### Action item
Below this line are records; write out exactly the lines from the one containing "4WAY腰掛けファン 4WAY扇風機 5000mAh" through the one containing "The murder of", with the pictures left out.

── Records for this exercise ──

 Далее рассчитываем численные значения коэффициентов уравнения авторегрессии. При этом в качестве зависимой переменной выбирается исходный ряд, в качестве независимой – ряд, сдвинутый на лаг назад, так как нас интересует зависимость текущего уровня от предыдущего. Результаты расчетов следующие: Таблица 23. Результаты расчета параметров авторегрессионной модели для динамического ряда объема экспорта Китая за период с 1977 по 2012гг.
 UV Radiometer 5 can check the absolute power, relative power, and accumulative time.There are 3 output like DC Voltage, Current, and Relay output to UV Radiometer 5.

───
── Records for this exercise ──

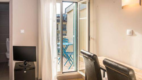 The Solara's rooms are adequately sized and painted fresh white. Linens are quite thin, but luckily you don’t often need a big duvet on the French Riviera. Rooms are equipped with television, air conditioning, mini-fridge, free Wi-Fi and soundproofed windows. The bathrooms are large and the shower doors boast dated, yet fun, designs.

───
── Records for this exercise ──

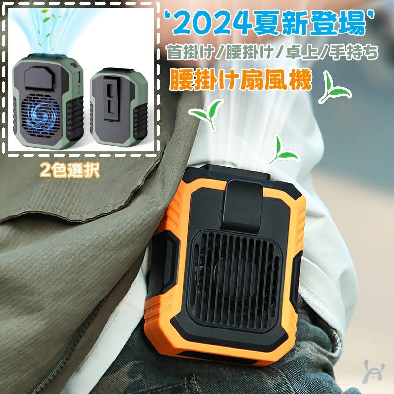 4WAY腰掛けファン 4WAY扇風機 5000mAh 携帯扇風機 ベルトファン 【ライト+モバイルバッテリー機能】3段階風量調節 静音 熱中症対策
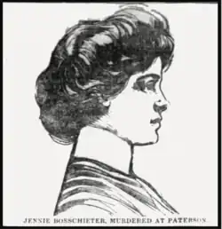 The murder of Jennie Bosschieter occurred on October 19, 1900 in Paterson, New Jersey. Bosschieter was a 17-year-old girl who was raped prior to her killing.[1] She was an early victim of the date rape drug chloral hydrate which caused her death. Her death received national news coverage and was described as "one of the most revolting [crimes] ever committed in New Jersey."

───

### Exercise response
 4WAY腰掛けファン 4WAY扇風機 5000mAh 携帯扇風機 ベルトファン 【ライト+モバイルバッテリー機能】3段階風量調節 静音 熱中症対策
 The murder of Jennie Bosschieter occurred on October 19, 1900 in Paterson, New Jersey. Bosschieter was a 17-year-old girl who was raped prior to her killing.[1] She was an early victim of the date rape drug chloral hydrate which caused her death. Her death received national news coverage and was described as "one of the most revolting [crimes] ever committed in New Jersey."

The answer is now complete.